December 7, 1941.
September 11, 2001.
January 6, 2021.
These are three dates that will live in infamy. But the last is the most troubling because the first two were aggressions committed against the United States and they had the effect of bringing the country together in a common cause. (That national unity was squandered when President George W. Bush invaded Iraq, which had nothing to do with the 9/11 attacks.)
But the mob that defiled our Capitol building was not an external enemy. They were domestic terrorists. Actually, it was more like April 13, 1861 and the attack on Fort Sumpter.
Now the building has been secured, at least the first wave of the officials who let down their guard have resigned and law enforcement officials are methodically working through all the ample video evidence the mob left behind to find and begin prosecution of the perpetrators. It’s time to start sorting through the invisible, but worse, wreckage.

Why wasn’t law enforcement prepared and why did they seem to treat the Trump protesters so much more gently than Black Lives Matter protesters last summer? Are there technical and strategic explanations or is there something deeper that goes to the culture of Capitol police?
What do we do with Trump, who clearly incited insurrection? He’s not decent enough to resign, so should be be impeached, should the 25th Amendment be invoked or should he just be allowed to get out of town? And once he’s gone, what next? Should he be prosecuted? Should he be prevented from ever holding office again?
And, most significantly, how did things get this far and what can be done to pull back and to restore some sense of civility and decency to our politics?
There’s no excuse for what Trump’s mob did in Washington. These are thugs. But they’re also a tiny fraction of the 75 million people who voted for this guy. To tar half the country with the actions of several thousand individuals would be no more fair than to blame all BLM protesters for those who tried to bomb a public building in Madison or who set a police cruiser on fire here.
Look, I confess to not understanding how anyone could have voted for Donald Trump the first time, much less the second time after we knew exactly how he would govern. And yet, he got 11 million more votes in 2020 than he did in 2016. (Luckily, he motivated Democrats even more as Joe Biden got 15 million more votes than Hillary Clinton.) But even after the horrors of January 6th we cannot afford to just write all Trump supporters off in the same way that we can with those who breached the Capitol.
The most important question we have to deal with going forward is, what is so messed up in our political culture that so many of our fellow Americans would vote for a man as awful as Donald Trump to begin with?
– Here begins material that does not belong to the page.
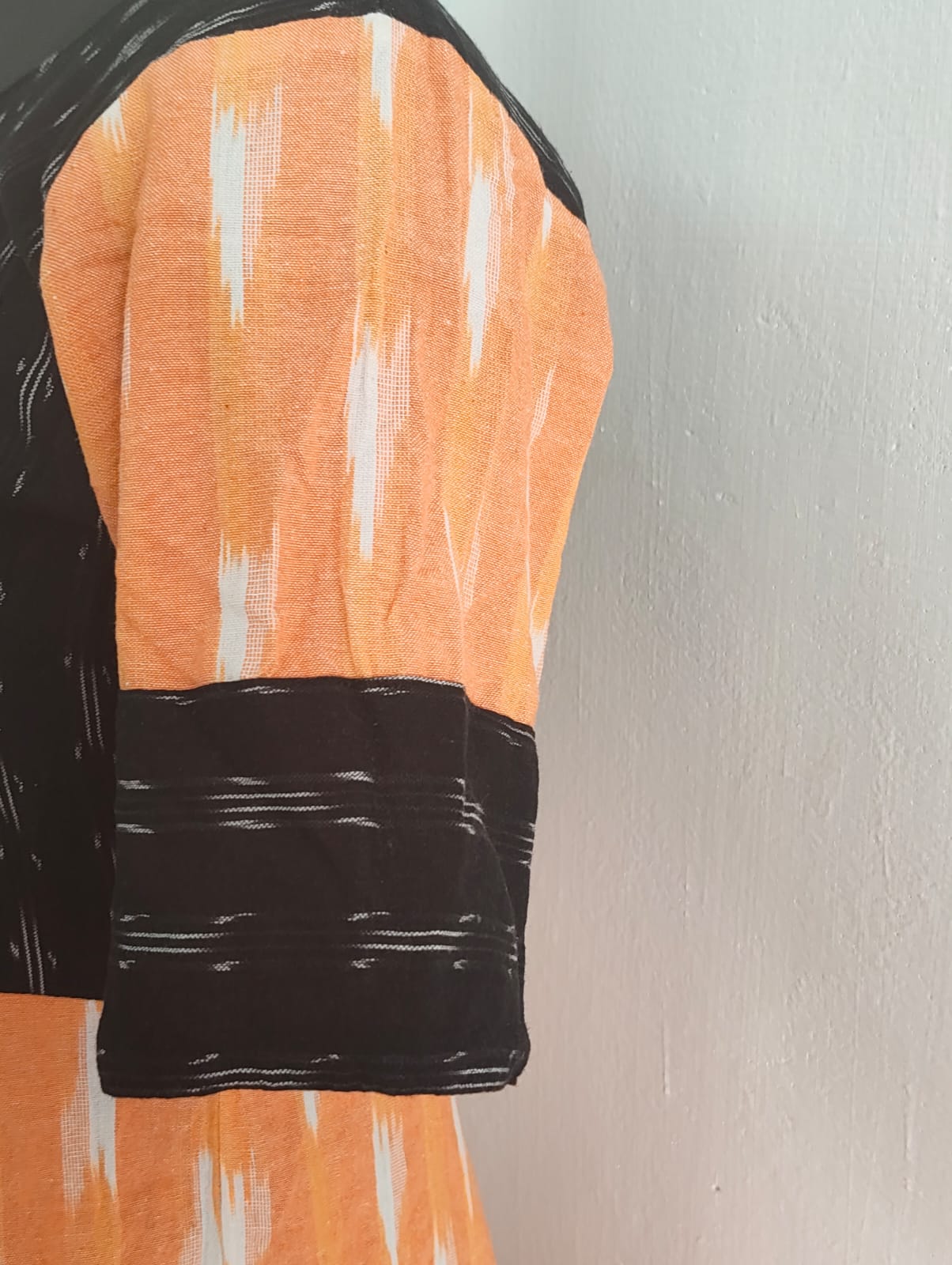 Celebrate timeless Indian style with this beautiful Ikkat full frock crafted in rich traditional patterns. The dress flows gracefully with a wide, flattering flare that highlights the beauty of classic handloom-inspired design. Perfect for festive wear, temple visits, family gatherings and traditional outings, this frock brings comfort, culture and elegance together in one stunning look.

Trying in good faith to answer that question as thoroughly and honestly as we can might be the most important national project of the foreseeable future. It’s kind of like treating Donald Trump as a public health issue.
Twenty years from now, what will January 6, 2021 mean? Will it be seen as the day when the last of our civil norms were broken and our democracy spiraled faster to its death? Or will it be, like December 7, 1941, a day that rallied the country to save democracy and liberal institutions? I wish I didn’t have to ask the question.